A concept lattice can be drawn as a (Hasse) diagram in which concepts are
represented by nodes interconnected by lines going down from superconcept nodes to
subconcept ones.
  Priss [15], rewording an idea first mentioned by Kipke & Wille [8], suggests that
once linguistic databases are formalized as concept lattices, the lattices can serve as
an interlingua. She explains how a concept lattice can serve as a bridge between two
languages with the aid of the figure below (taken from [13]):




                             Fig. 2. – A concept lattice as an interlingua.


  [This figure] shows separate concept lattices for English and German words for
  “building”. The main difference between English and German is that in English
  “house” only applies to small residential buildings (denoted by letter “H”),
  whereas in German even small office buildings (denoted by letter “O”) and larger
  residential buildings can be called “Haus”. Only factories would not normally be
  called “Haus” in German. The lattice in the top of the figure constitutes an
  information channel in the sense of Barwise & Seligman [2] between the German
  and the English concept lattice. ([15] p. 158)

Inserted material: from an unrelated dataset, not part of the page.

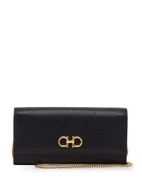 black calf leather pebbled texture Gancini plaque foldover top with press-stud fastening detachable chain-link shoulder strap internal logo stamp partitioned compartment internal zip-fastening pocket internal card slots - height: 10.5 centimetres, length: 19.0 centimetres, width: 3.5 centimetres - Color: BLACK - Made in: Italy - Designer Style ID: 220636 0770374 NERO Composition and care Outer Composition Calfskin: 100.0%, Lining Composition Calfskin: 60.0%, Lining Composition Fabric: 40.0%

  We consider Priss’s approach a promising avenue for interlingua-based translation
strategies. We suggest that this approach can work not only for isolated words but
also even for text fragments. In what follows, we will sketch out a strategy with
interlingual concept lattices serving as filters for refining translation results. The
strategy proceeds as follows: 1) Compile a concept lattice from a data source like
WordNet. 2) Link the nodes of the lattice to their possibly corresponding expressions
in the source and target language. 3) Translate the input text into the target language
with no consideration of the pragmatic aspects of its meaning. 4) Integrate the
concepts derived from the input text into the concept lattice. The main motivation
behind this strategy is to refine the translation results to a certain extent by means of
pragmatic knowledge structured as formal contexts.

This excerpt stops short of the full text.